Of course, ERA5 provides a 10 m wind speed and the 2 m air temperature, so it is questionable how this works with forests, as they do not model canopies. Very good point. The forest is somehow taken into consideration with high vegetation in HTESSEL, but indeed this is very coarse estimation (ERA5-Land). A potential dataset we can look at is the ERA hourly data on pressure levels (37 levels): https://cds.climate.copernicus.eu/cdsapp#!/dataset/reanalysis-era5-pressure-levels?tab=overview But then, we may need to use the canopy height dataset to find corresponding level of wind and air temperature data in this ERA5 reanalysis dataset (need to see if possible or not).
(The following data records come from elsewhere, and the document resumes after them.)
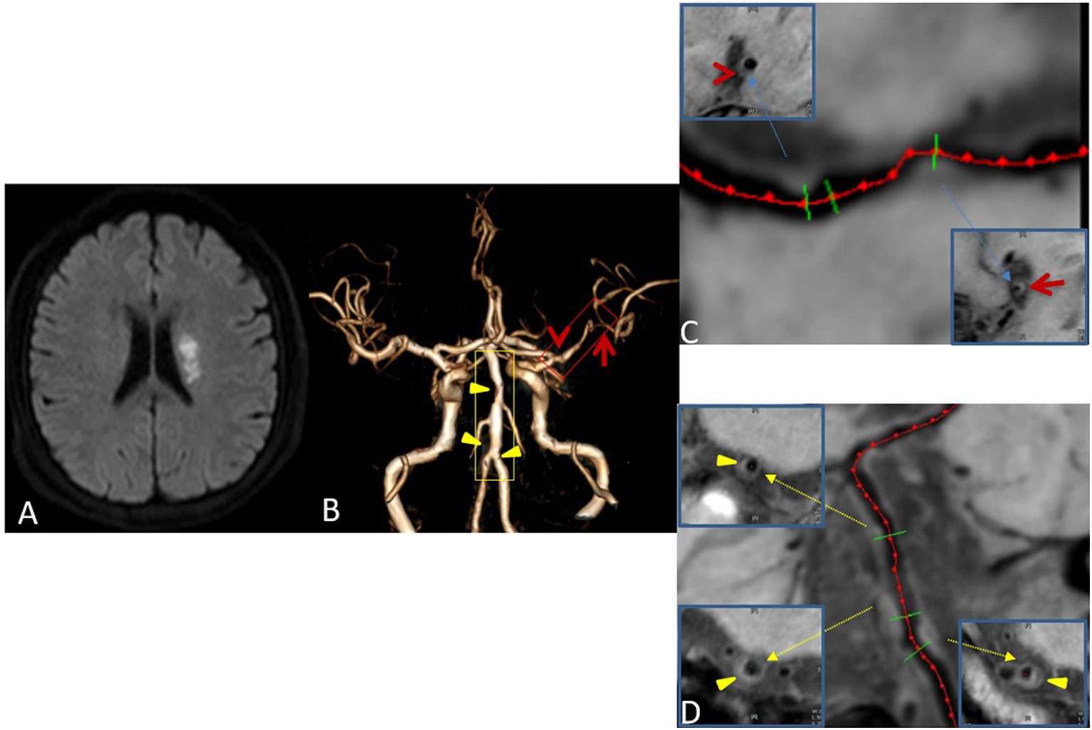 Plaque Classification. Male, 42 years old, presenting with sudden right limb weakness for 8 h. Diffusion-weighted imaging (DWI) shows acute left lateral paraventricular infarction (A). Time-of-flight magnetic resonance angiography (TOF MRA) shows stenosis at two sites in the M1 segment of the left middle cerebral artery (red box) and three sites in the basilar and left vertebral arteries (yellow box) (B). Curved planar reconstruction images show severe stenosis at the distal end of M1 as the culprit plaque (red arrow), and mild stenosis at the proximal end of M1 as an uncertain plaque (red Arrowhead) (C). The three plaques of the basilar artery and left vertebral artery are non-culprit plaques (Yellow triangular arrowheads) (D).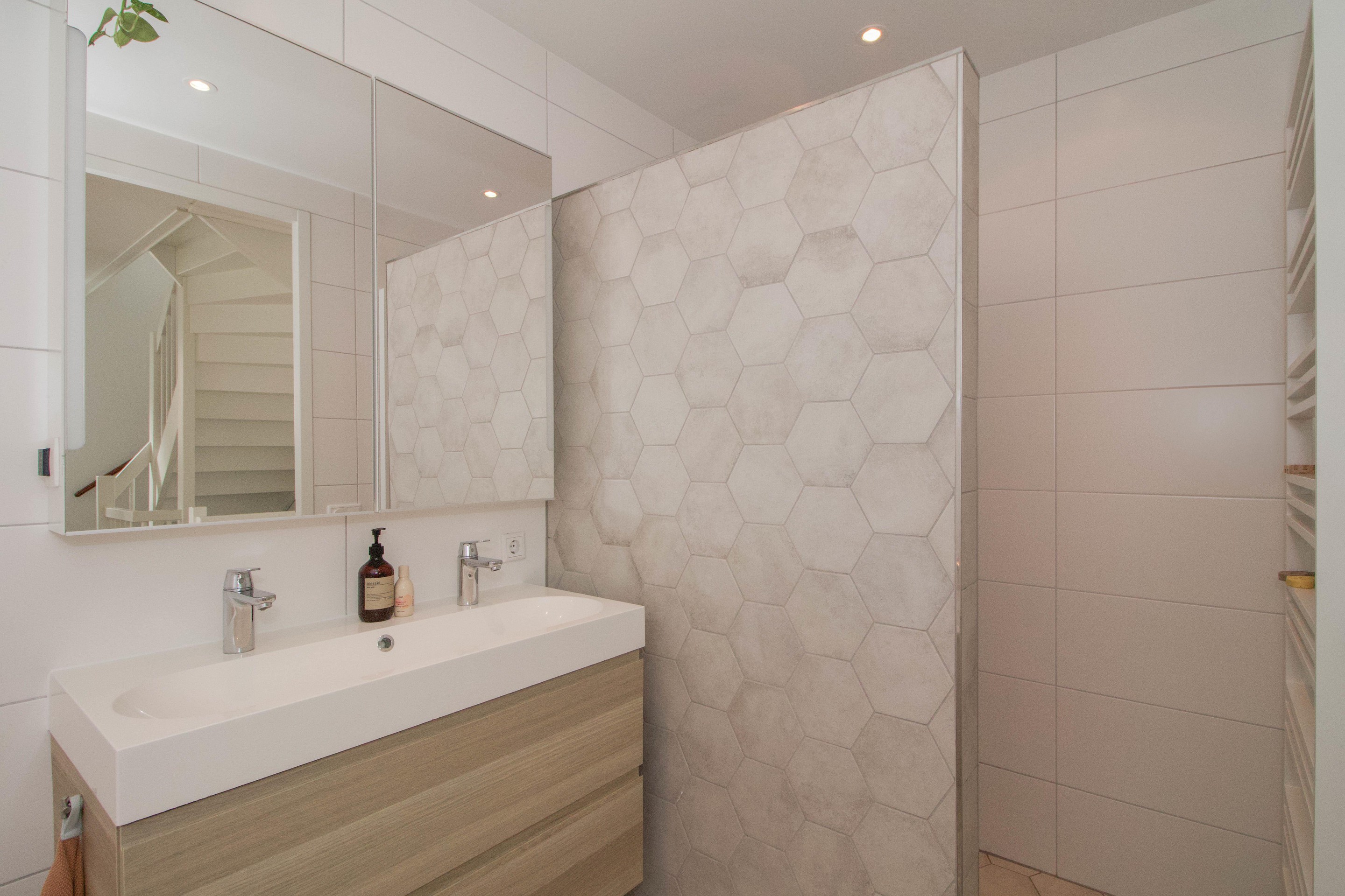 De leefruimte is royaal en doordacht ingedeeld, met als stralend middelpunt de ruime woonkeuken. Dit is geen plek om alleen te koken, maar om samen te komen. Lange avonden met vrienden, kinderen die hun huiswerk maken aan de keukentafel, een kop koffie in de ochtendzon of een verjaardag met familie; hier speelt het gezinsleven zich af. De moderne afwerking en hoogwaardige materialen zorgen voor een stijlvolle en rustige basis waarin ieder detail op zijn plek valt.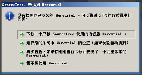 这步操作我们一般选择不使用Mercurial,因为我们会安装git。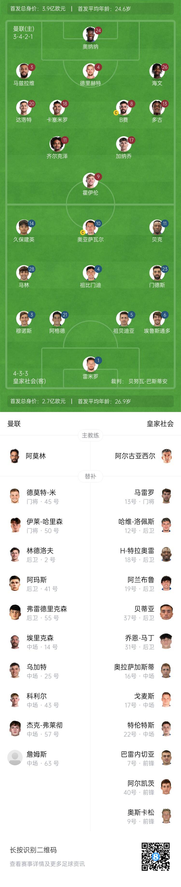 曼聯vs皇社首發(fā)出爐:B費領銜 久保建英、多古、海文先發(fā)

[I just checked for this pressure levels, they are too coarse (first level is 100m, and then end level at 3km high), let's stick with 10m Wind 2 m Tair]

Please @bobzsu help if i missed something here.

bobzsu commented 1 year ago

Thanks a lot, Bart, Yijian. 1) I think we need to perform a station based validation of the different dataset before deciding which one should be used for global simulation. We may need to do some CDF matching or copulas matching as Sarah did for the ERA reanalysis data. These are valid for meteorological data, CO2 data and radiation data. It seems CAMS reanalysis contain all these data but we need to have a first validation. An idea is is extract all the relevant data and compare them to GEWEX PLUMER2 in-situ data.

2) Canopy height data as indicated by Yijian is fine to use. I was thinking about filling the missing GEDI data beyond 52°N/S with a simple ML algorithm based on PFTs, but the cited paper has done just that. We can also extract location data and compare to those used in PLUMBER2. (The change in canopy height needs to be considered but there need more observation for different years).

3) ERA5 LAI is only climatology - LAI is an essential variable for STEMMUS-SCOPE. We need to have observed values - currently we use those from MODIS but we should migrate to Copernicus as Bart indicated. MODIS will be decommissioned (some time in the future) and we need to use European data. Again we also need to compare them for the overlapping period. There should be no jumps due to different data sources.

4) For the differences in 10m wind speed and 2m air temperature, we need to follow some micro-meteorological principles. We need to use the metrological variables at 3 times the roughness height or 2 times the vegetation height. This is of course only one uses in-situ observation data. ERA5 data is grid data so most people just use it - I think ERA5-Land is slight more reasonable be course it does some terrain correction using adiabatic lapse rate (which impact temperature, due point temperature and precipitation data). If we want to do it correctly, we need to consider the roughness elements of each grid and scale the data to the relevant and same height. I had a paper years ago for dealing with this problem: https://hess.copernicus.org/articles/3/549/1999/ Some implementation was made in the SEBS algorithm but students tended to forget those issues.

5) Yijian: we may see if we should use PLUBMER2 metrics or the C3S one (or even we have have proposed in CORE-CLIMAX). Bart/Sarah: Could one of the eScience existing validation tool be used for this purpose? so that we can do automatic quality control.

yijianzeng commented 1 year ago

Thanks a lot, Bob, just to echo all the points, and strongly suggest we have dedicated actions on point 5, for example, using ESMValTool, adopted for automatic quality control!

SarahAlidoost commented 1 year ago

Based on what is suggested, to start with the implementation, ERA5, ERA5-land, CO2 (Copernicus) and LAI (Copernicus) can be retrieved from CDS and canopy height from GEE.

SarahAlidoost commented 1 year ago

There is GLOBMAP global Leaf Area Index since 1981, see https://zenodo.org/record/4700264. This can be an alternative to LAI from CDS. In addition, in esmvaltool, a cmorizer is being developed see here. We might use some part of the code from there.